Quand Israël était enfant, je l'aimai, et de l'Egypte j'appelai mon fils.
2 Maar nauwelijks had Ik ze geroepen, of ze liepen van Mij heen, Offerden aan Báals, brandden wierook voor beelden!
Quand [mes serviteurs] leur faisaient des appels, ils se détournaient d'eux, aux Baals ils sacrifiaient et aux idoles ils offraient de l'encens.
3 Ik was het, die Efraïm leerde lopen, En hem op mijn arm heb gedragen; Maar zij erkenden niet, Dat Ik ze verpleegde.
Cependant je menai Éphraïm à la lisière, le soutenant par ses bras; mais ils ne reconnurent point que je voulais les guérir.
4 Ik bond ze aan Mij met mensen-banden En koorden der liefde; Ik drukte ze aan mijn wang als een min, Boog Mij over hen heen, om ze te voeden.
Je les tirai avec des liens d'humanité, avec des cordages d'amour, je fus pour eux comme quelqu'un qui desserre le joug près de leur bouche, j'étendis la main et leur donnai à manger.
5 Maar nu moet hij terug naar Egypte, Assjoer zal zijn koning zijn, omdat ze niet willen bekeren;
Ils ne retourneront pas en Egypte, mais c'est l'Assyrien qui sera leur roi, puisqu'ils ne veulent pas revenir à moi.
6 Het zwaard zal in zijn steden woeden, En zijn zonen verslinden. Hun vestingen worden verteerd,
Et l'épée fondra sur leurs villes, et détruira leurs verrous, et dévorera à cause du parti qu'ils ont pris.
7 Mijn volk wordt aan zijn woningen opgehangen, En niemand, die opgaat naar zijn steden, Haalt hen er af.
Mon peuple s'applique à s'éloigner de moi; c'est aux lieux très hauts qu'on les convie, mais nul ne s'y élève.
8 Efraïm, hoe kon Ik toch zo met u doen, U overleveren, Israël; Hoe heb Ik u aan Adma gelijk kunnen maken, Als met Seboïm met u gehandeld? Eens zal mijn hart zich vertederen, Eens mijn ontferming worden gewekt!
Comment dois-je te traiter, Éphraïm? en agir avec toi, Israël? Quoi! dois-je te traiter comme Adma, t'assimiler à Tséboïm? Mon cœur se retourne en moi, toutes mes compassions s'allument;
9 Neen, Ik zal mijn laaiende gramschap niet koelen, Efraïm niet opnieuw vernielen! Want Ik ben God, En geen mens! Ik ben de Heilige in uw midden, Die uw vernieling niet wil!

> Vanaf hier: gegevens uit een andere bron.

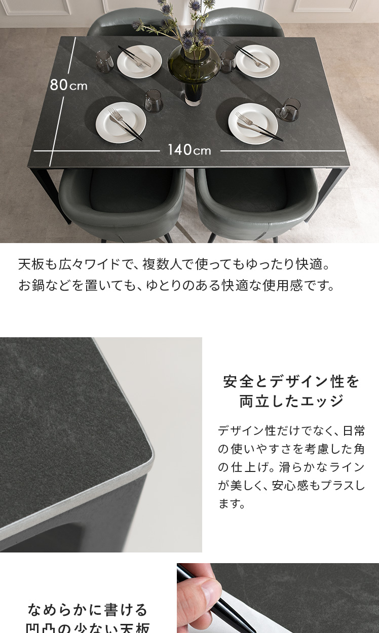 | テーブルサイズ | 約幅140×奥行き80×高さ74cm |

je ne donnerai pas suite à l'ardeur de mon courroux; je ne détruirai pas de nouveau Éphraïm. car je suis Dieu et non pas un homme! je suis le Saint au milieu de toi, et je ne viens point avec colère.
10 Dan zullen zij Jahweh willen volgen, En als een leeuw zal Hij brullen! Maar wanneer Hij dan brult, Snellen de kinderen toe uit het westen!
A la fin ils suivront l'Éternel; comme un lion Il rugira; car Il rugira, et de l'occident les fils accourront,
11 Als vogels snellen zij toe uit Egypte, Uit het land van Assjoer als duiven; Dan breng Ik ze naar hun woonsteden terug: Is de godsspraak van Jahweh!
ils accourront comme des oiseaux de l'Egypte, et comme la colombe du pays d'Assyrie, et je les ferai habiter dans leurs maisons, dit l'Éternel.
12 Efraïm heeft Mij met leugens omringd, Het huis van Israël met bedrog; Ook Juda liegt altijd tegen zijn God, Tegen den Heilige, den Waarachtige!
Éphraïm m'entoure de mensonge, et la maison d'Israël de fraude, et Juda court encore de côtés et d'autres, quoiqu'il ait Dieu, qu'il ait le Saint fidèle.